Ramadhan (8): Jika Hanya Untuk Kenyang

Bismillahirrahmanirahim,

Dalam kehidupan sehari-hari, kita menjalani rutinitas yang sama yang menjadi kebutuhan dasar, salah satunya adalah makan. Wajar jika sebagian besar dari kita secara sadar maupun tidak sadar makan hanya untuk merasa kenyang dan memenuhi kebutuhan fisik, tanpa menyadari bahwa ada makna yang lebih dalam dari proses tersebut.

Makan merupakan salah satu kebutuhan dasar manusia untuk bisa hidup dan berkembang. Namun, jika kita melihat lebih jauh, makan juga memiliki makna spiritual yang terkait dengan ajaran Islam. Sebagai umat Muslim, kita diajarkan untuk menjalani hidup dengan penuh kesyukuran dan kebersamaan, kebermanfaatan, termasuk saat kita menyantap makanan.

Islam mengajarkan bahwa kita harus bersyukur atas nikmat makanan yang kita terima, karena setiap butir makanan yang kita makan berasal dan rezki dari Allah SWT. Sebagai contoh, Allah berfirman dalam Al-Qur’an surat Al-Baqarah ayat 172:

يَا أَيُّهَا الَّذِينَ آمَنُوا كُلُوا مِن طَيِّبَاتِ مَا رَزَقْنَاكُمْ وَاشْكُرُوا لِلَّهِ إِن كُنتُمْ إِيَّاهُ تَعْبُدُونَ

“Hai orang-orang yang beriman, makanlah di antara rezeki yang baik yang Kami berikan kepadamu dan bersyukurlah kepada Allah jika benar-benar kepada-Nya kamu menyembah.”

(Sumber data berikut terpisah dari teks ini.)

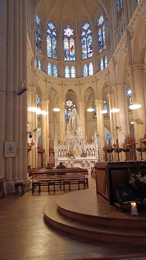 Read moreC'est une belle surprise que de voir apparaître l'immense basilique dans cette campagne (c'est pourquoi elle est surnommée la cathédrale des champs) Elle crève le ciel du Perche de ses 2 flèches. De style néogothique, sa construction demanda 17 ans de travaux (1894-1911). A l'origine, c'est l'abbé Buguet, curé du village, qui fonda en 1884, une association de prière pour les morts. Celle-ci connut un tel succès qu'elle donna naissance à un pèlerinage très suivi, jusqu'à nos jours ( Ascension, 15 Août et 2e dimanche de novembre) L'abbé a aussi créé des ateliers de broderie, de ganterie...Puis, en 1886, une imprimerie qui...
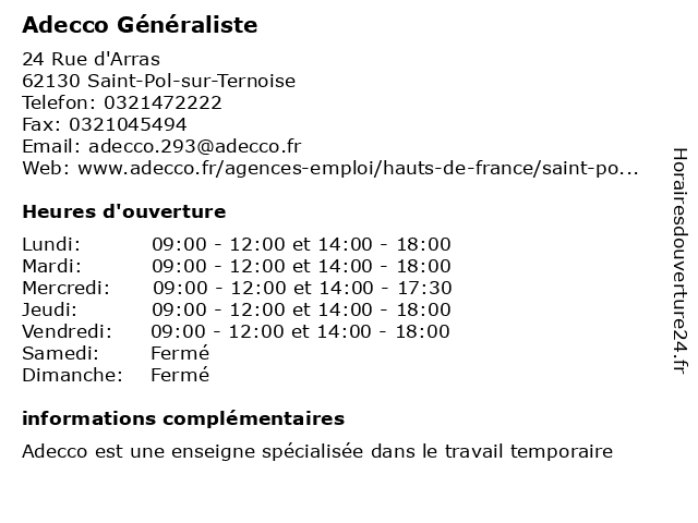 1 Adecco Onsite Marles Automobile (Distance: 17,38 km) - Rue de la Fosse, 62540 Marles-les-Mines adecco, agences, automobile, cdd, cdi, emploi, emploi intérim, marles, onsite, services 2 Agence d'Intérim Manpower Espace Saint-Pol-sur-Ternoise (Distance: 0,12 km) 23 Rue des Carmes, 62130 Saint-Pol-sur-Ternoise agence, agence de recrutement, agence intérim, agence pour l'emploi, cabinet de recrutement, cdi, d'intérim, espace, intérim, manpower, pol, recrutement, saint, sur, ternoise 3 Adecco Onsite Ruitz Automobile (Distance: 21,11 km) - Zone industrielle, 62620 Ruitz adecco, agences, automobile, cdd, cdi, emploi, emploi intérim, onsite, ruitz, services 4 Adecco Généraliste (Distance: 21,16 km) 5 Rue de l'Arsenal, 62140 Hesdin adecco, agences, cdd, cdi, emploi, emploi intérim, généraliste, services 5 Adecco Généraliste (Distance: 41,47 km) 187 Rue de Dunkerque, 62500 Saint-Omer adecco, agences, cdd, cdi, emploi, emploi intérim, généraliste, services 6 Adecco Onsite Henin Beaumont Agroalimentaire (Distance: 45,32 km) 712 Chemin de Noyelles, 62110 Hénin-Beaumont adecco, agences, agroalimentaire, beaumont, cdd, cdi, emploi, emploi intérim, henin, onsite, services |
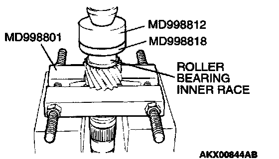 2. Using special tools MD998812 and MD998818, press install the roller bearing inner race with the press.
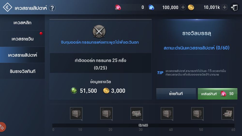 เควสรายสัปดาห์ (เคลียร์เควสรายสัปดาห์ให้ครบทั้งหมด)

Makan hanya untuk merasa kenyang seringkali membuat kita melupakan bahwa kita harus bersyukur atas rezeki yang telah diberikan oleh Allah SWT. Dalam menjalani kehidupan sehari-hari, kita harus selalu mengingat bahwa makan bukan hanya untuk memenuhi kebutuhan fisik, melainkan juga untuk mengingat nikmat yang diberikan dan kewajiban yang dipinta oleh Allah SWT kepada kita.

Selain itu, Islam juga mengajarkan kita untuk makan dengan adab dan sopan santun yang baik. Salah satu adab makan dalam Islam adalah memulai makan dengan menyebut nama Allah, yaitu dengan membaca Bismillah. Dengan demikian, kita mengakui bahwa segala nikmat yang kita terima berasal dari-Nya.

Jika kita hanya makan untuk merasa kenyang, kita cenderung melupakan pentingnya menjaga kesehatan tubuh, kita sedikit lalai dengan sesama, dan terlebih lagi kita terlupa dengan tujuan besar kita sebagai manusia memberikan nilai manfaat sebesar-besarnya, ataupun lupa sebagai muslim untuk beribadah kepada Allah SWT. Islam mengajarkan kita untuk menjaga keseimbangan dalam makan, baik dari segi jenis makanan, kuantitas, maupun untuk apa.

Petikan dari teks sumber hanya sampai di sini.